Chronik/Wien

Ludwigs Veto für City-Fahrverbot: Eine Bürde für Rot-Grün III

Kurz sah es fast so aus, als hätten der rote Bürgermeister und seine grüne Vize den Streit um die Verkehrsberuhigung in der Innenstadt beigelegt. Oder, präziser formuliert: auf die Zeit nach dem Wahltag verschoben.

Dafür hätte durchaus einiges gesprochen. Aus Sicht der Wienerinnen und Wiener – weil qualitätsvolle Lösungen noch nie inmitten eines Wahlkampfs erarbeitet wurden. Und aus Sicht beider Parteien – weil das Gerangel die Stimmung in der Koalition zuletzt doch spürbar trübte.

Jetzt hat der Machtpolitiker Michael Ludwig die Waffenruhe gebrochen. Denkbar knapp vor der Wahl – der Wähler vergisst schnell, das wissen die roten Strategen – versetzt er Birgit Hebein bei ihrem Kernthema, dem Verkehr, einen schweren Schlag.

Wie sehr Hebein Ludwigs Veto traf, zeigt sich an ihrer irritierenden Reaktion: Sie warf Ludwig „Mutlosigkeit“ vor, weil dieser dem stadteigenen Verfassungsdienst in dessen Argumentation folgte. Das sagt viel über das Verhältnis der Grünen zu den (rot angehauchten) Rechtsexperten ihres eigenen Magistrats. (Dass Hebein in Kauf genommen hätte, eine verfassungswidrige Verordnung zu erlassen, um ihre Politik durchzusetzen, steht überhaupt auf einem anderen Blatt.)
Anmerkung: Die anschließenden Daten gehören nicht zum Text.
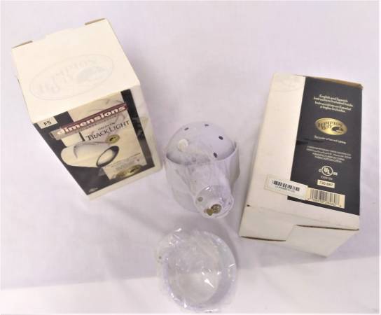 TRACT LIGHT HEADS --PRICE IS FOR 3 ea, all in original box Hampton Bay 50W MAX BULB Track Lighting Halogen head White Painted Finish: NOTE INSIDE BLACK RING EDGING IS MISSING ON ONE LIGHT. THIS...
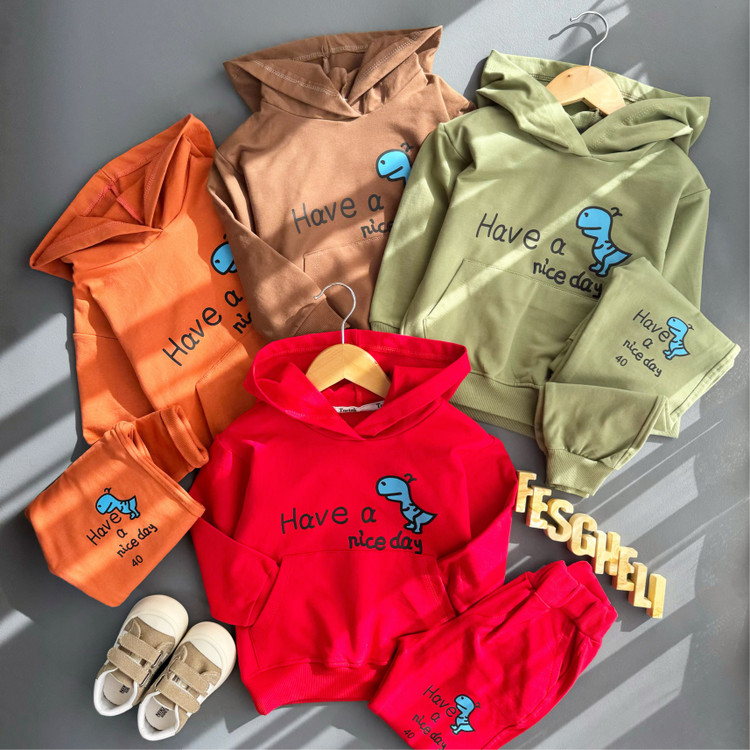 هودی شلوار بچگانه اسپرت دورس دو نخ لاکرا دار طرح دایناسور کد 206

Warum aber sucht Ludwig die Konfrontation mit den Grünen? Vielleicht, weil seine Politik der ruhigen Hand in den vergangenen Tagen fast schon verschlafen wirkte. Vielleicht, weil die SPÖ in Zeiten steigender Corona-Fälle in den Wiener Spitälern auf der Suche nach eigenen, positiven Schlagzeilen war, die Tatkraft signalisieren.

Die Mehrheit der Wiener weiß der Bürgermeister hinter sich.

Für die rot-grünen Koalitionsgespräche, die nach dem 11. Oktober rasch beginnen, ist das Veto aber eine Bürde. Ludwig hat Hebein öffentlich düpiert und zugleich seine Position einzementiert: Ein Fahrverbot in der City wird es unter ihm nicht geben, zumindest keine umfangreiches.

Das müssen die Grünen schlucken, wenn sie koalieren wollen. Ludwig ist in einer bequemen Situation. Er kann nach der Wahl auch die türkise – oder gar die pinke – Karte ziehen.